▶ Task objective
Reproduce every entry below precisely; do not include the pictures.

▶ Data excerpts
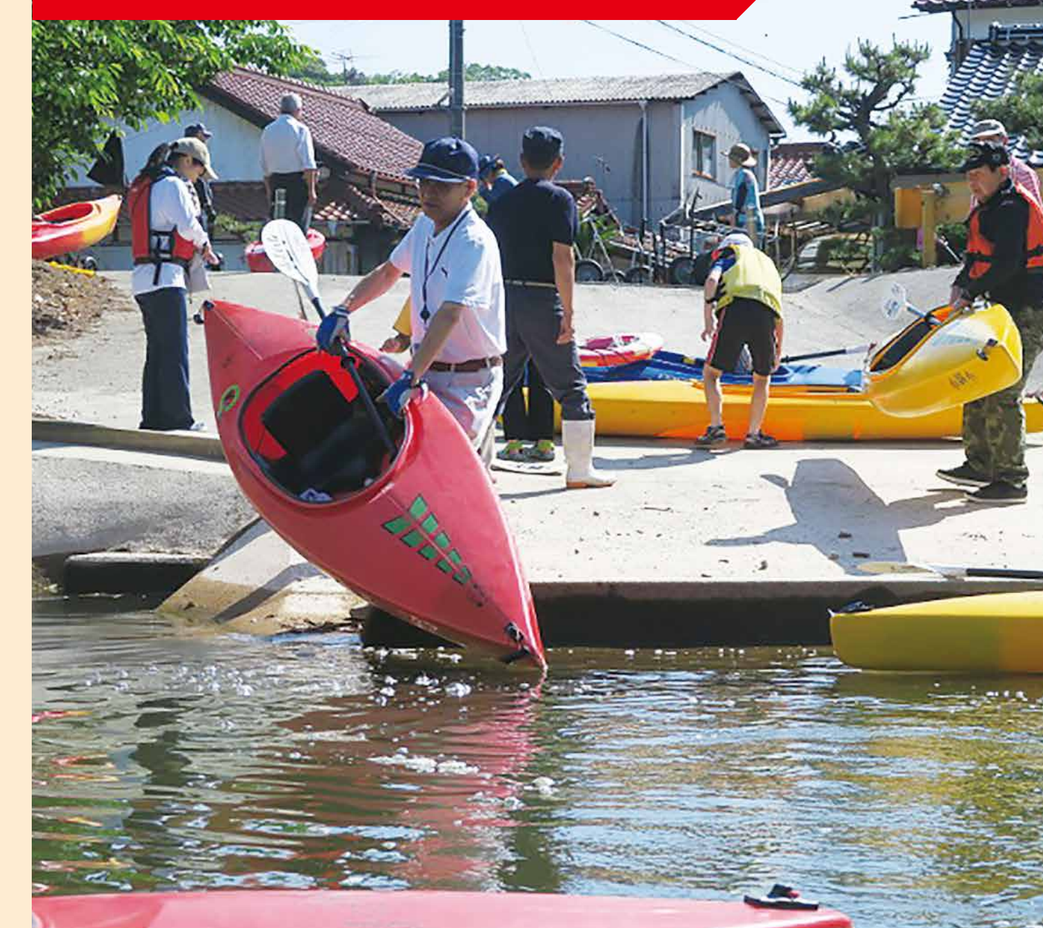
学校と地域の連携を促進する取組

小野地区の自然を生かしたカヌー学習に、毎年度、地域の方々へ支援していただいている。保護者には、陸上からの安全の見守りのためにボランティアを募って協力していただいている。
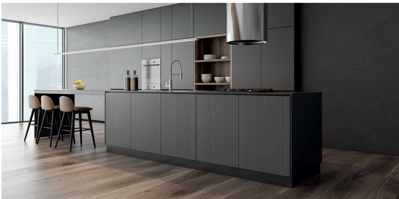
Möbelfronten Oro Nero – Façades de meubles en Oro Nero
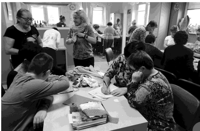
Zajęcia w siedzibie ŚDS w Gostyniu

lub zespołowych treningów samoobsługi i treningów umiejętności społecznych polegających na nauce, rozwijaniu lub podtrzymywaniu umiejętności w zakresie czynności dnia codziennego i funkcjonowania w życiu społecznym. Prowadzone są zajęcia z zakresu: treningu funkcjonowania w życiu codziennym – umiejętności praktycznych, samoobsługowych i zaradności życiowej, treningu umiejętności spędzania czasu wolnego, treningu umiejętności interpersonalnych, społecznych i rozwiązywania problemów, w tym kształtowanie pozytywnych relacji uczestnika z osobami bliskimi, innymi osobami, w instytucjach kultury, treningu aktywizacji zawodowej – zwiększenie kompetencji interpersonalnych i społecznych niezbędnych w poszukiwaniu pracy, edukacji.

▶ Exercise output
学校と地域の連携を促進する取組

小野地区の自然を生かしたカヌー学習に、毎年度、地域の方々へ支援していただいている。保護者には、陸上からの安全の見守りのためにボランティアを募って協力していただいている。
Möbelfronten Oro Nero – Façades de meubles en Oro Nero
Zajęcia w siedzibie ŚDS w Gostyniu

lub zespołowych treningów samoobsługi i treningów umiejętności społecznych polegających na nauce, rozwijaniu lub podtrzymywaniu umiejętności w zakresie czynności dnia codziennego i funkcjonowania w życiu społecznym. Prowadzone są zajęcia z zakresu: treningu funkcjonowania w życiu codziennym – umiejętności praktycznych, samoobsługowych i zaradności życiowej, treningu umiejętności spędzania czasu wolnego, treningu umiejętności interpersonalnych, społecznych i rozwiązywania problemów, w tym kształtowanie pozytywnych relacji uczestnika z osobami bliskimi, innymi osobami, w instytucjach kultury, treningu aktywizacji zawodowej – zwiększenie kompetencji interpersonalnych i społecznych niezbędnych w poszukiwaniu pracy, edukacji.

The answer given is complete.